### SOURCE MATERIAL
<<<<

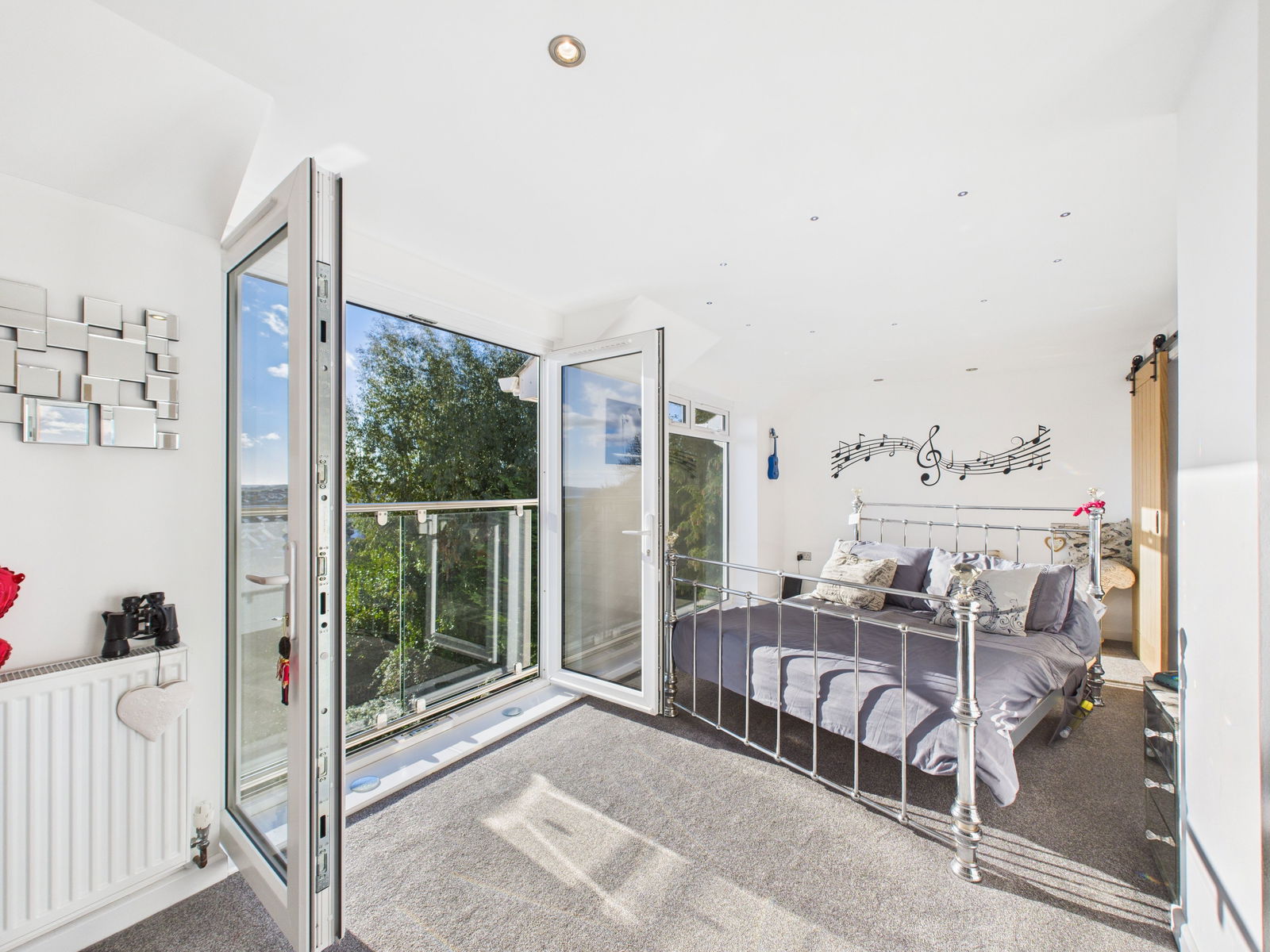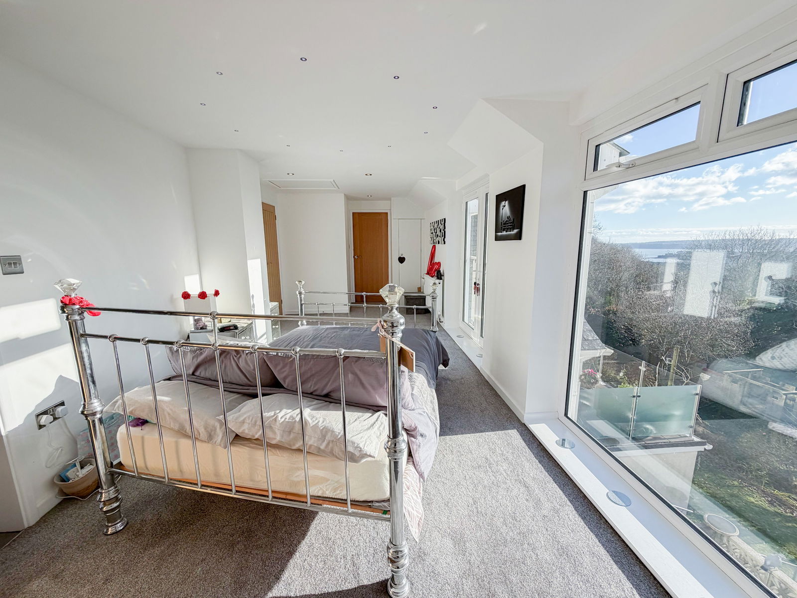 BEDROOM ONE Large picture window and patio doors opening onto a Juliet balcony, enjoying views over Occombe Woods, the garden and distant sea. Radiator, power points, loft access. Doors to:-
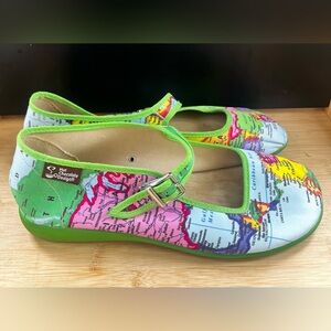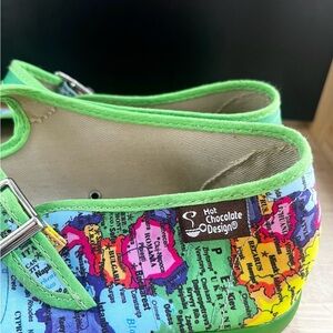 Hot Chocolate Design “World Map / Atlas” Mary Jane Flats • EU 38 / US ~7.5–8
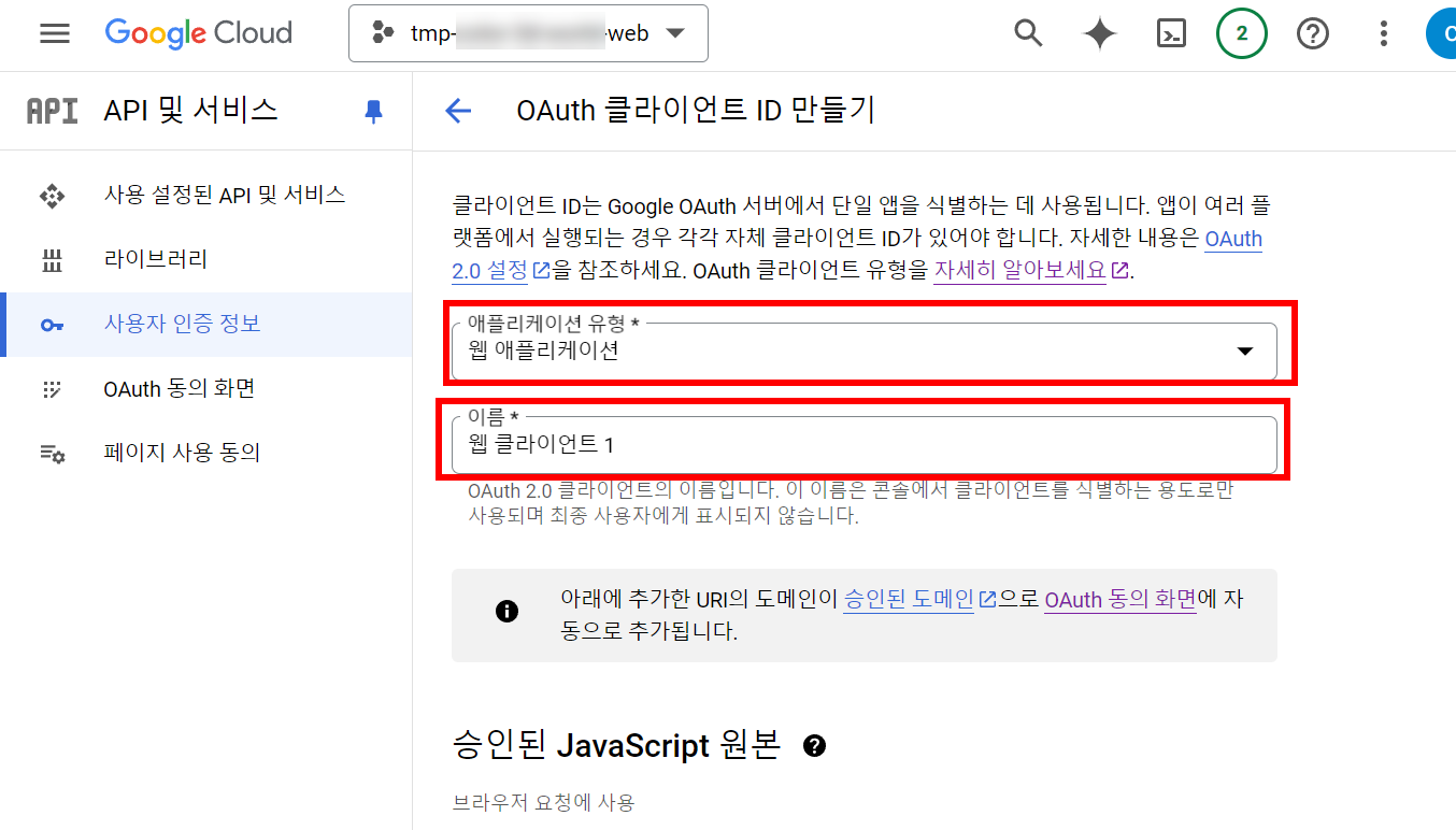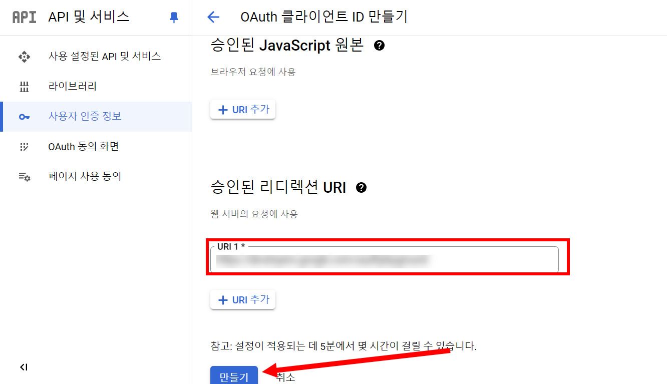 21)승인된 자바스크립트(JavaScript) 원본, 승인된 리디렉션 URI를 입력하고 만들기를 클릭합니다(선택)
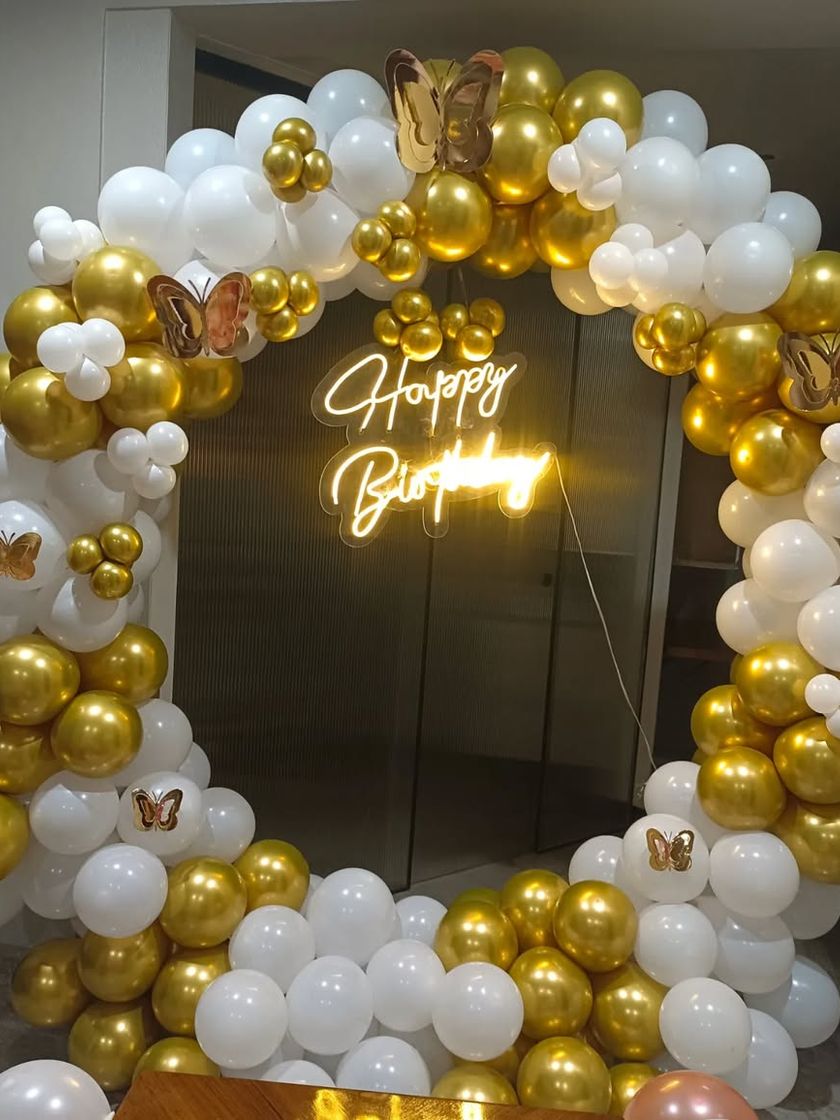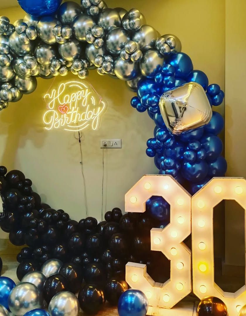 Aajkal ring decoration ka bahut trend hai. Hum alag alag color combinations aur style mein balloon ring aur arch banate hain, jaise gold-white, pastel colors, ya multi-color. Iske saath neon sign aur marquee light numbers lagwane se party ka look hi badal jaata hai.

>>>>

With the pictures left out, restate word for word every line of the data above, from the first down to the line that contains "21)승인된 자바스크립트(JavaScript) 원본, 승인된".

 BEDROOM ONE Large picture window and patio doors opening onto a Juliet balcony, enjoying views over Occombe Woods, the garden and distant sea. Radiator, power points, loft access. Doors to:-
 Hot Chocolate Design “World Map / Atlas” Mary Jane Flats • EU 38 / US ~7.5–8
 21)승인된 자바스크립트(JavaScript) 원본, 승인된 리디렉션 URI를 입력하고 만들기를 클릭합니다(선택)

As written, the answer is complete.